三塩化リン及び塩素ガスの供給後、1時間反応を行い、反応終了後未反応塩化アンモニウムをろ別除去し、反応溶媒を減圧留去した。その結果、反応生成物3.34g(五塩化リンに対して収率96.2%)が得られた。GPC測定結果を表2に示す。
【0032】
【比較例3】
攪拌装置、冷却管、滴下ロート及び温度計を備えた100mlの4つ口フラスコに、窒素気流下、塩化アンモニウム12.84g(0.24mol)及び五塩化リン6.25g(0.03mol)を仕込み、攪拌下、油浴温度135℃で12時間反応させた。
反応終了後未、反応混合物をトルエン50mlに溶解し、未反応塩化アンモニウムをろ別除去し、反応溶媒を減圧留去した。その結果、反応生成物2.23g(五塩化リンに対して収率64.2%)が得られた。GPC測定結果を表2に示す。
【0033】
【比較例4】
攪拌装置、冷却管、滴下ロート及び温度計を備えた100mlの4つ口フラスコに、窒素気流下、塩化アンモニウム12.84g(0.24mol)、酸化亜鉛0.041g(0.5mmol)及び五塩化リン6.25g(0.03mol)を仕込み、攪拌下、油浴温度135℃で4時間反応させた。
反応終了後未、反応混合物をトルエン50mlに溶解し、未反応塩化アンモニウムをろ別除去し、反応溶媒を減圧留去した。その結果、反応生成物3.01g(五塩化リンに対して収率86.6%)が得られた。GPC測定結果を表2に示す。
実施例(表1)と比較例(表2)との比較から明らかなように、本発明の、溶媒を使用しないクロロホスファゼンオリゴマーの製造方法の場合には、塩素化リンから換算した生成物収率が高く、生成物中の3量体含有率が高いことがわかる。
【0034】
【表1】
【0035】
【表2】
【0036】
【発明の効果】
本発明によると、溶媒を用いることなく、気化した塩素化リンを特定の速度で供給して塩化アンモニウムと反応させることにより、環状クロロホスファゼン3量体を選択的に製造することが可能である。そして、本発明により、工業的に有用な環状クロロホスファゼン3量体を高収率・高選択性で製造することが可能である。
ホスファゼンオリゴマー及びホスファゼンポリマーの各種誘導体は、プラスチック及びその添加剤、ゴム、肥料、医薬等、より広範囲な用途へ使用されることが期待できる。
Claims (3)
- 溶媒を用いることなく、クロロホスファゼンオリゴマーの製造に使用されている触媒の存在下に塩素化リンと塩化アンモニウムからクロロホスファゼンオリゴマーを製造する方法であって、予め、反応系内に仕込まれた塩化アンモニウムに、気化させた塩素化リンを、仕込みの塩化アンモニウム1モルに対して10−4〜10モル/hrの速度で供給して反応させることを特徴とするクロロホスファゼンオリゴマーの製造方法。
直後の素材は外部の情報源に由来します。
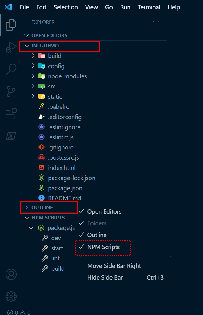 VSCode에서 프로젝트 폴더나 outline부분(빨간색 선 사각형)에 우클릭하면 작은 창이 뜹니다. 해당 창에서 NPM Script를 클릭하면 NPM Script가 왼쪽 탭에 생깁니다.

- 塩素化リンの供給速度が、塩化アンモニウム1モルに対し10−3〜10モル/hrであることを特徴とする請求項1記載のクロロホスファゼンオリゴマーの製造方法。
- 触媒が、ZnOまたはMgCl 2 であることを特徴とする請求項1または2に記載のクロロホスファゼンオリゴマーの製造方法。